Creating a Python package

Share this article

In the previous step of this case study, we explored our data in an ad hoc fashion using Jupyter notebooks. Now it is time to get to work on the code that will be used to prepare our data and train our model. Before we start coding, we will set up a Python package so that we can easily import our code across different environments. 

This article was created as part of a larger case study on developing data science models. That being said, it is also a great standalone resource if you are looking for a gentle introduction to creating a Python package. 

A schematic that shows the basic structure of a directory for making a Python package.

Why create a Python package

Why should you organize your code into a Python package rather than just maintaining a collection of scripts? Here are some advantages to using a Python package. 
 
  • Import code in different environments. The biggest advantage of organizing your code into a Python package is that it makes it easy to import your code across a variety of different environments. If you package your code up, then it is easy to import your code across different machines or clusters of machines.
  • Test code with ease. It is much easier to create tests for your Python code  if you turn your code into a Python package. This is partially because it makes it easier to import your code into test files.
  • Track different versions of your code. If you organize your code into a Python package then it is much easier to track different versions of your code and toggle back and forth between different versions of your code. 

How to create a Python package

What do you need to do to create a Python package? Here are the minimum changes that need to be made to your code so that it can be imported as a Python package and installed using pip. 

  • Add __init__.py files. This __init__.py file is one of the most fundamental tools for  creating python packages. In order to import a directory as a simple Python package, the directory must have an __init__.py file in it. Every subdirectory that exists within the main package directory must also contain an __init__.py file. In many cases, your __init__.py files will be empty and that is fine. If you want to learn more about __init__.py files check out our post on python init files

Other common files in Python packages

  • setup.cfg. A setup.cfg file is a configuration file that contains static information about your package that does not change often, such as the name and author of the package. This information is used by setup tools, which is the default tool for packaging and distributing Python code.
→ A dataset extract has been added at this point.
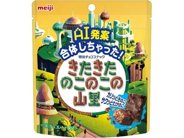 ひとくちサイズのチョコスナックです。「きのこの山」の“カリッ”としたクラッカーと「たけのこの里」の“サクッ”としたクッキーを砕き、これにミルク風味のチョコレートと小麦パフを加えてバー状に成型し、最後にビターチョコレートでコーティングしています。ザクザクとした食感と、ミルク風味とビター2種類のチョコレートの味わいをお楽しみいただけます。

Technically you can build a python package without a setup.cfg file and include all of the relevant information in a setup.py file, but it is best practice to include a setup.cfg file for static information. 
  • setup.py. A setup.py file is similar to a setup.cfg file, however rather than being a static configuration file, it is a Python file that allows you to dynamically import information and modify it. The setup.py file is also used by setuptools and can be used to pass the same information as the setup.cfg file. Technically, a directory does not need to include a setup.py file in order to be considered a Python package. However, a setup.py file is required if you want to import an editable version of your package using pip – which we do! 
  • README. A readme file is a file that contains human-readable documentation about the Python package. If you are following along with our case study, you should already be familiar with the concept of a README file because we created one when we initialized our GitHub repository in a previous step
  • LICENSE. A LICENSE is a file that tells other developers how they are allowed to use your code. It generally provides information such as whether the code is allowed to be modified or what use cases it is allowed to be used for. If you are following along with our case study, you should be familiar with the concept of a LICENSE because we already initialized our GitHub repository with one in a previous step
  • pyproject.toml. A pyproject.toml file is used to specify the resources that are needed in order to build the package. For example, if you need to specify a specific version of setuptools that should be used to build your Python package, then you can specify that in your pyproject.toml file. If you want to read more about pyproject.toml files then we recommend checking out this resource

Steps for creating a Python package

For this step of our case study, we will create a minimalistic Python package and import that package into another Python script. You should work through all of these steps if you are following along with our case study.

In the previous few steps of our case study, we walked you through the process of creating a new branch in your git repository and merging your changes into your main branch. From this point forward, we will assume that you know how to complete these steps on your own. We will call the branch for this step of our case study python-package.  

Before we get started, here is an example of what your project directory should look like when we are done with these steps. You can refer back to this diagram if you get confused about where to place any of the files you create. 

A schematic of what your project directory should look like after adding your python packaging files.

1. Create a package directory with a file

As a first step, you should create a directory to hold the code for your Python package. You should create a directory called pkgs that is in the main directory that contains your Python packages. This directory should be at the same level as your LICENSE, and README files. 

Within the pkg directory, create a directory called bank_deposit_classifier to hold all the code related to training your classifier to predict whether someone will submit a bank deposit. Your Python package will be imported using the name bank_deposit_classifier. 

Within this directory, you should add a file to hold the code that will be imported when you import your package. Create a file called sample.py and add a simple function to it so that you can test out whether your package is importing correctly later on. We recommend adding this code to your sample.py file.

def print_hi():
  return print('hi')

2. Add init files

After you create your package directory, you should add an  __init__.py file to every directory that contains Python code you want to be able to import. In this case, there is only one directory that contains Python code – the bank_deposit_classifier directory. There are no subdirectories within that directory. That means we will only need to add one __init__.py file.

3. Add a setup.cfg

After you add your __init__.py files, it is time to add a basic setup.cfg file. This file should be added in the main project directory where your README and LICENSE files are found rather than in the pkgs directory that contains your source code. This file should contain static information that does not change often such as the name of your package and the author. 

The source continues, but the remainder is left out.